Двумя днями позже Марианна с Агатой и Гракхом покидала Париж, избрав местом назначения Бурбон-Ларшамбо. Ее первой мыслью было присоединиться к Аркадиусу де Жоливалю в Экс-Ляшапель, но небольшой город-курорт на берегах Рейна в этом году вошел в моду, и молодой женщине не хотелось видеть общество после драмы, которую она переживает и будет переживать до тех пор, пока Язона не признают невиновным и окончательно объявят непричастным к делу. К тому же Талейран, приехавший к ней вслед за Савари, категорически отсоветовал ей древнюю столицу Карла Великого.

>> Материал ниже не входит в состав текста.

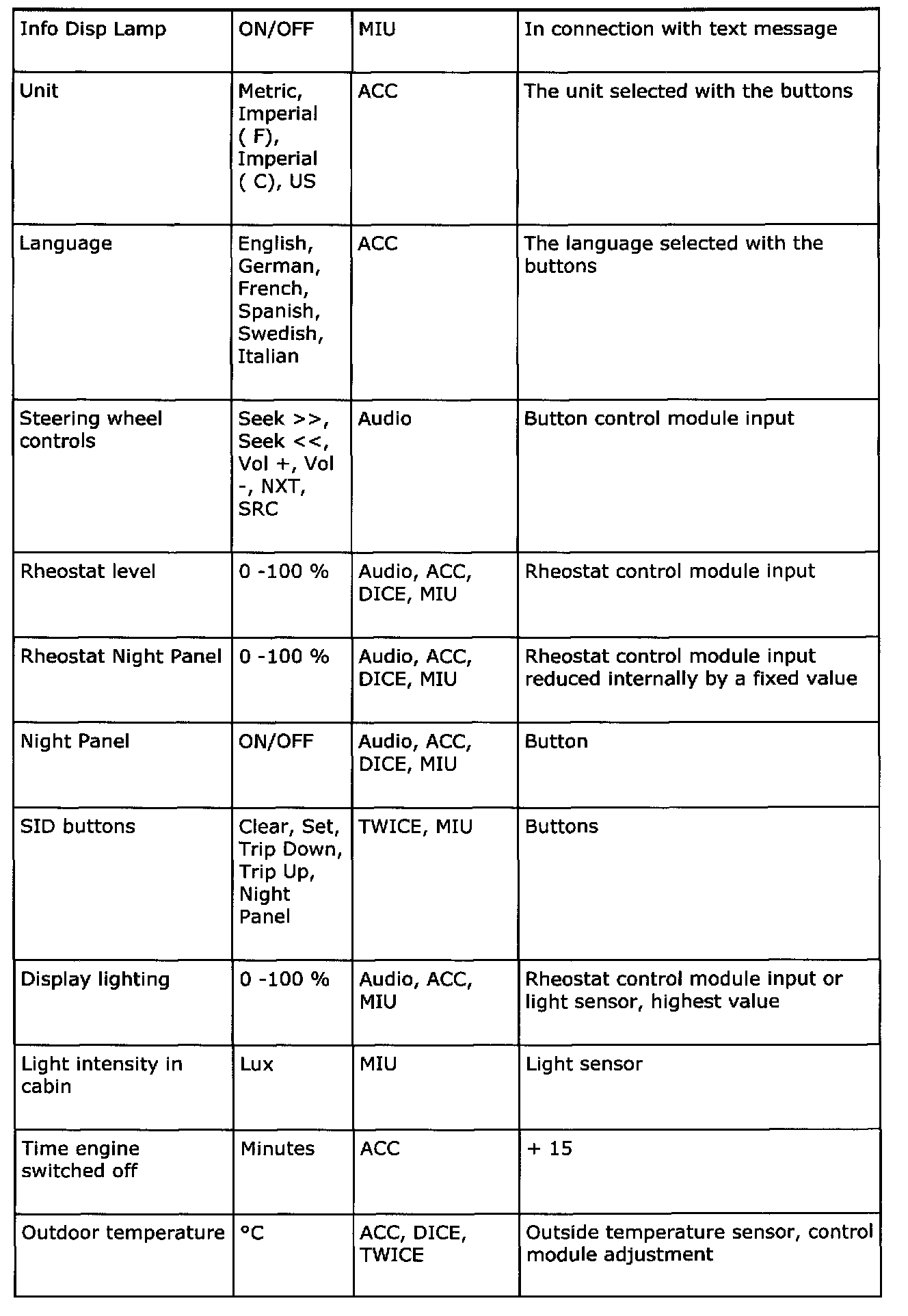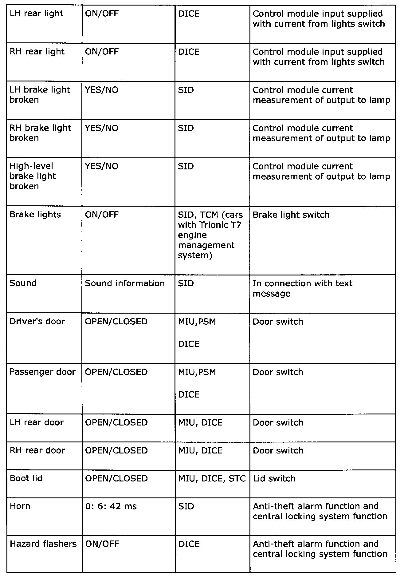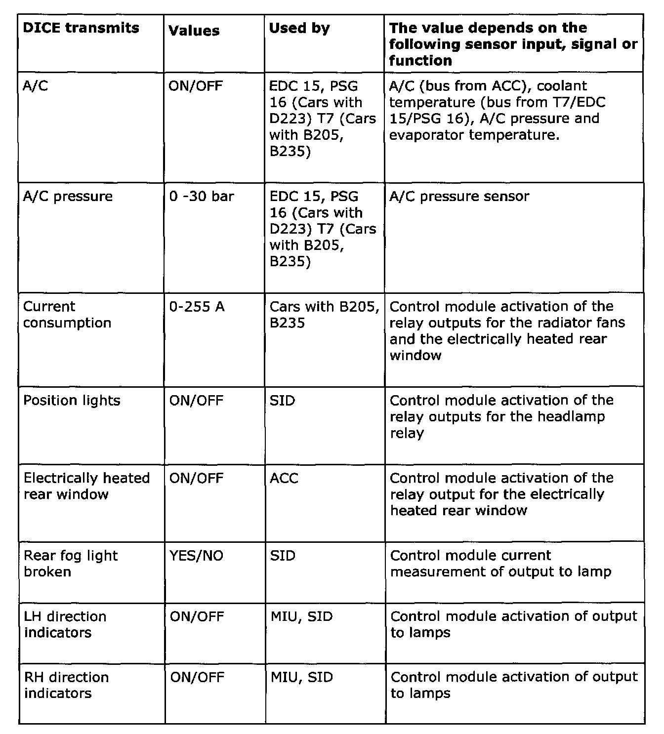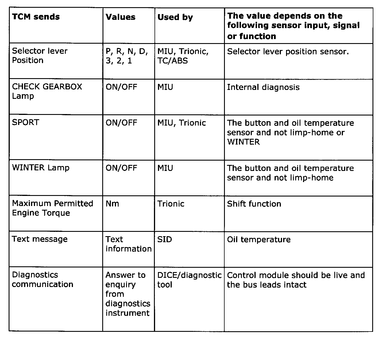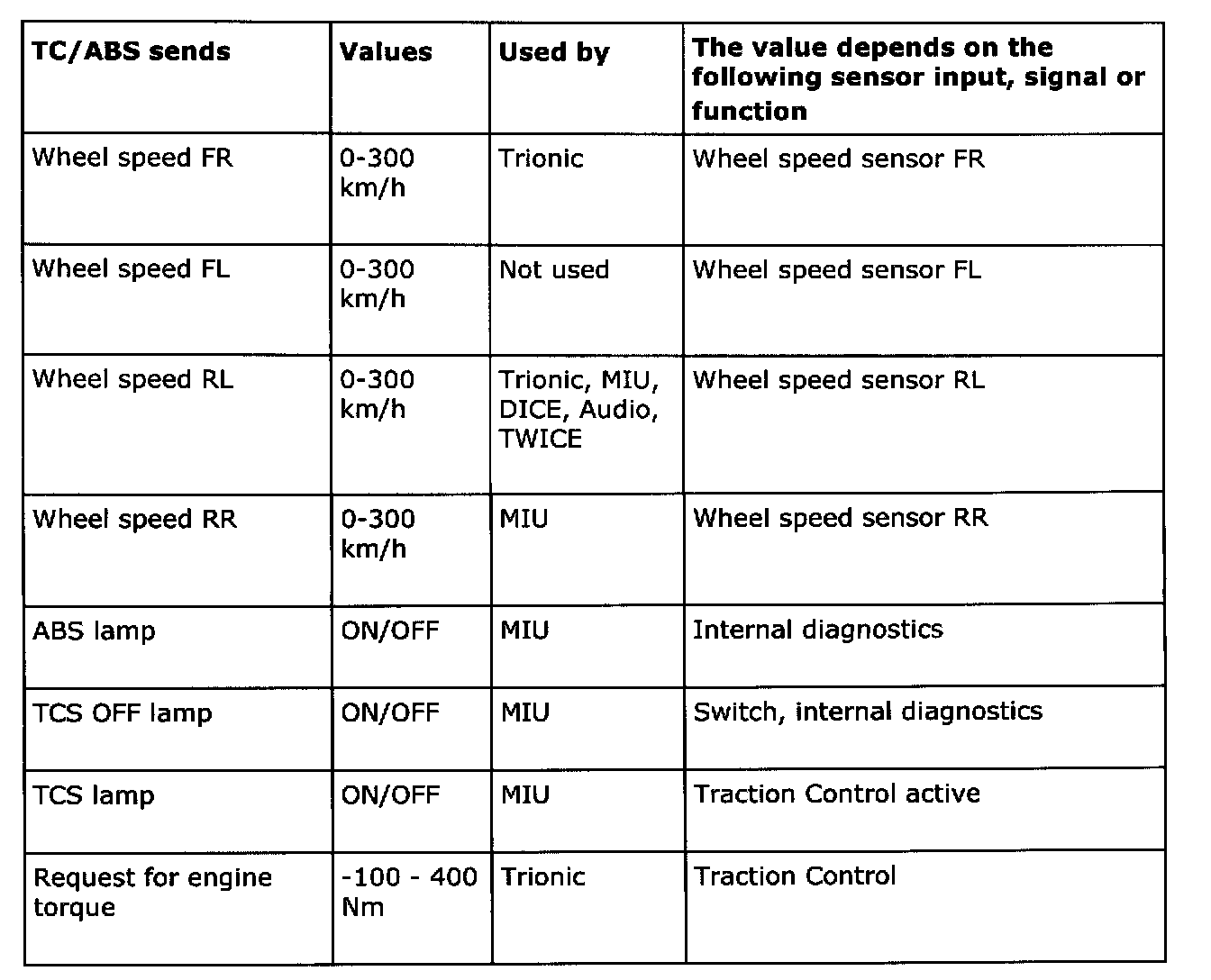 Below is a summary of the messages which are sent out by all the car's systems that are connected to a bus. It also shows which systems use the transmitted information. The purpose of the summary is to help you gain an understanding of the car's functional relationships, which is a fundamental prerequisite for rapid fault diagnosis.
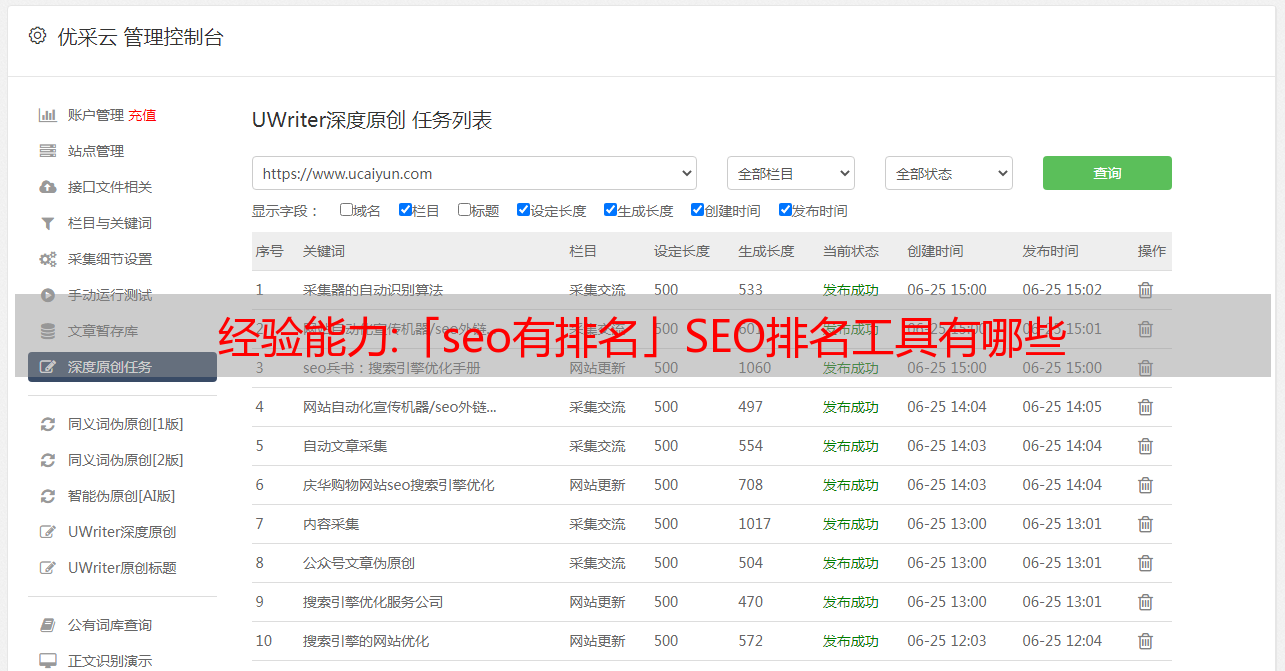 优采云 发布时间: 2022-11-02 17:31经验能力:「seo有排名」SEO排名工具有哪些
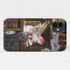 Zwei Kätzchen und eine Fee sitzen auf einem Bücherregal voller Bücher für Ihre magische Katze.
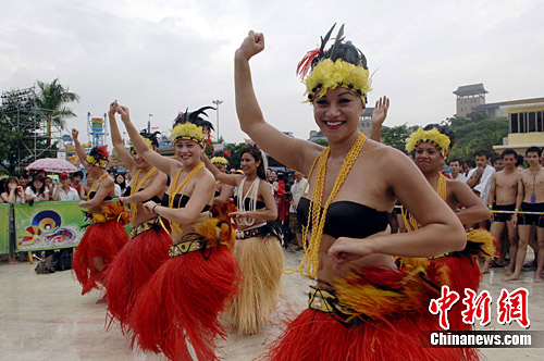 9月12日,夏威夷沙滩派对在广州长隆水上乐园盛大举行。来自美国夏威夷的专业草裙舞演员在欢快的节奏下翩翩起舞,为游客演绎了原汁原味的夏威夷风情草裙舞。刘卫勇 摄
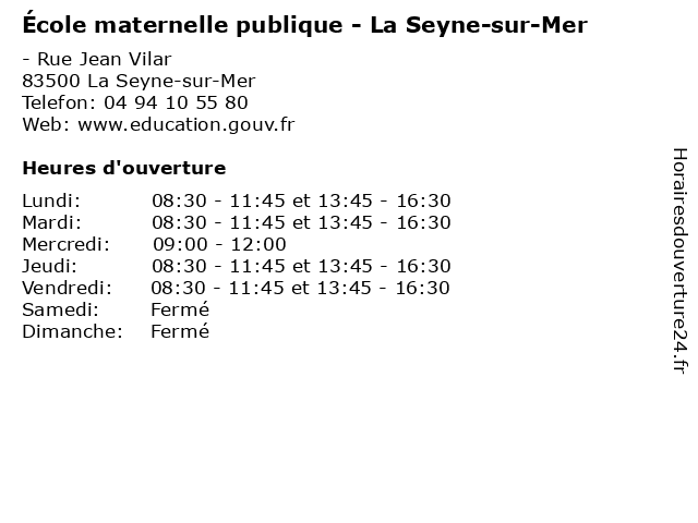 | Mardi | 08:30-11:45 et 13:45-16:30 |
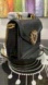 Chic mini bag in sleek black. Features ornate gold emblem. Ideal for stylish outings.
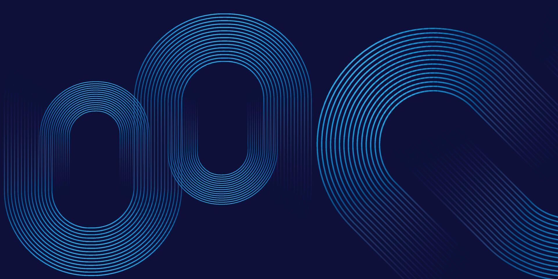 Dark Futuristic Abstract Background with Blue Rounded Line Arches and Tech Flow Design Pro Vector
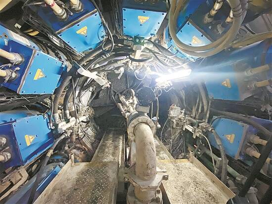 与此同时,在几十公里外的广州南沙粤海水务珠三角供水有限公司,一块长约10米、高约3米的智慧电子显示屏上,这场“海底鹊桥会”的数据闪烁:盾构机掘进速度、探头温度、压力、硬度指标一目了然,甚至此前就可通过大数据分析预估距离隧洞掘进工作进程。
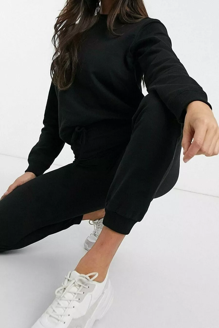 Damen Schwarzes Baumwoll-Pyjama-Set
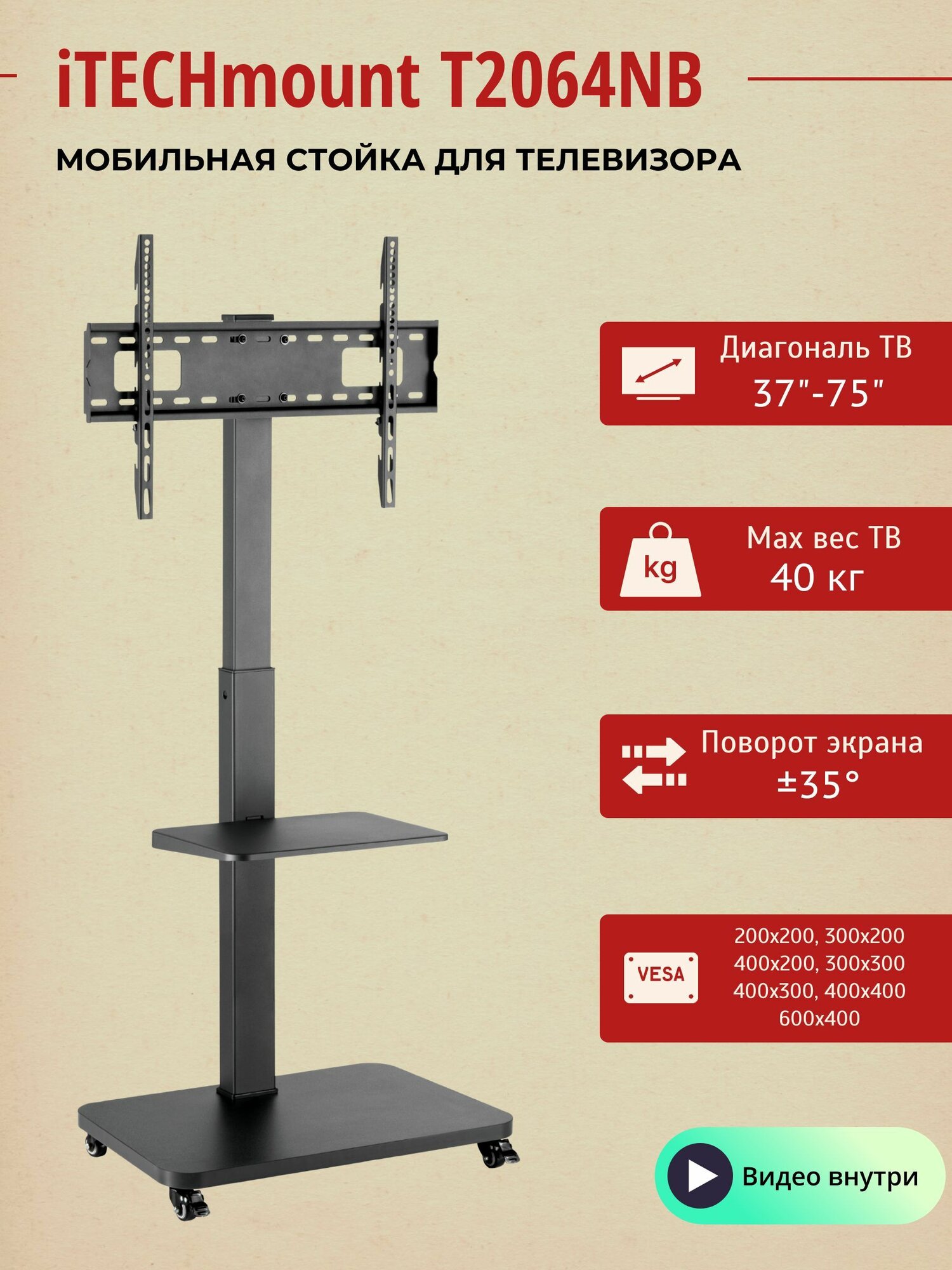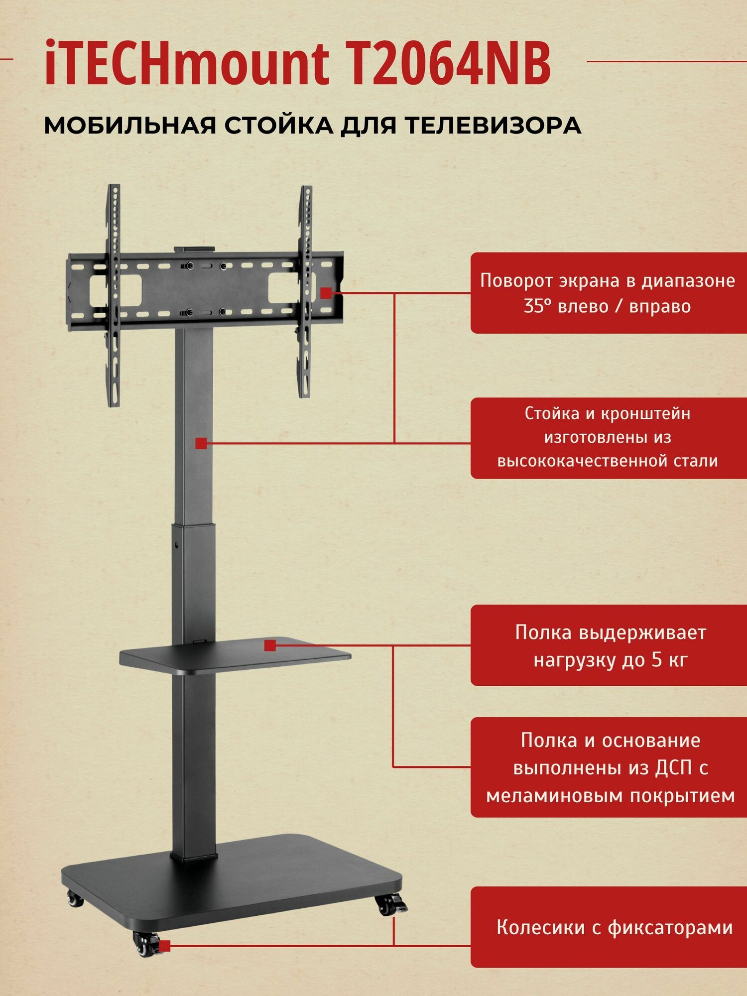 Мобильная презентационная стойка с кронштейном для телевизора iTECHmount T2064NB - это идеальное решение для тех, кто ищет надежную и мобильную стойку для своего телевизора. Эта стойка оснащена кронштейном для телевизоров диагональю от 37" до 75" и весом до 40 килограммов. Кронштейн позволяет поворачивать телевизор на 35° влево и 35° вправо. Высота стойки регулируется на выбор в трех режимах - 1410 мм или 1468 мм или 1526 мм. Кронштейн и основание стойки изготовлены из высококачественной стали. Кронштейн поддерживает совместимость с различными стандартами VESA: 200x200, 300x200, 400x200, 300x300, 400x300, 400x400, 600x400 мм. В основании стойки предусмотрен скрытый кабель-канал, который позволит избежать беспорядка в проводах, подводимых к телевизору. Строгий и в тоже время современный дизайн стойки будет отлично смотреться в любом домашнем или офисном интерьере.

– Людей-то там много, но каких, учитывая, что большинство недовольных и изгнанных собираются там вокруг короля Голландии, которого Император в какой-то мере отправляет в отставку, аннексируя его королевство. Луи Бонапарт самый большой нытик из всех, кого я знаю, и ведет себя так, словно жестокий завоеватель пришел изгнать его с земли предков. С ним также Госпожа Мать, которая многих приглашает и сама ведет хозяйство. Конечно, мой дорогой друг Казимир де Монтрон получил разрешение поехать туда, и я к нему бесконечно привязан, но это человек, с легкостью оставляющий за собой разбитые сердца и семейные драмы, и бог знает, нуждаетесь ли вы в дополнительных неприятностях такого жанра. Нет, лучше последуйте моему примеру.
Действительно, уже восемь лет князь Беневентский с завидным постоянством отдыхал на водах в Бурбоне. Его больной ноге и ревматизму здесь делалось если и не лучше, то по крайней мере не хуже, и ни одно живое существо, никакое европейское потрясение не могли помешать ему ехать в июле на лечение в Бурбон. Он расхвалил своей юной приятельнице очарование этого небольшого городка, тихого и кокетливого, подкрепляя свои доводы тем, что он гораздо ближе к Парижу, чем Экс-Ляшапель, что семьдесят лье легче проехать, чем сто пятьдесят, что проще написать Жоливалю, чтобы он тоже приехал туда, что там гораздо легче забыться, что в небольшом местечке проще, чем в светском городе, обрести хоть немного свободы, что, наконец, среди попавших в немилость всегда найдешь помощь и поддержку.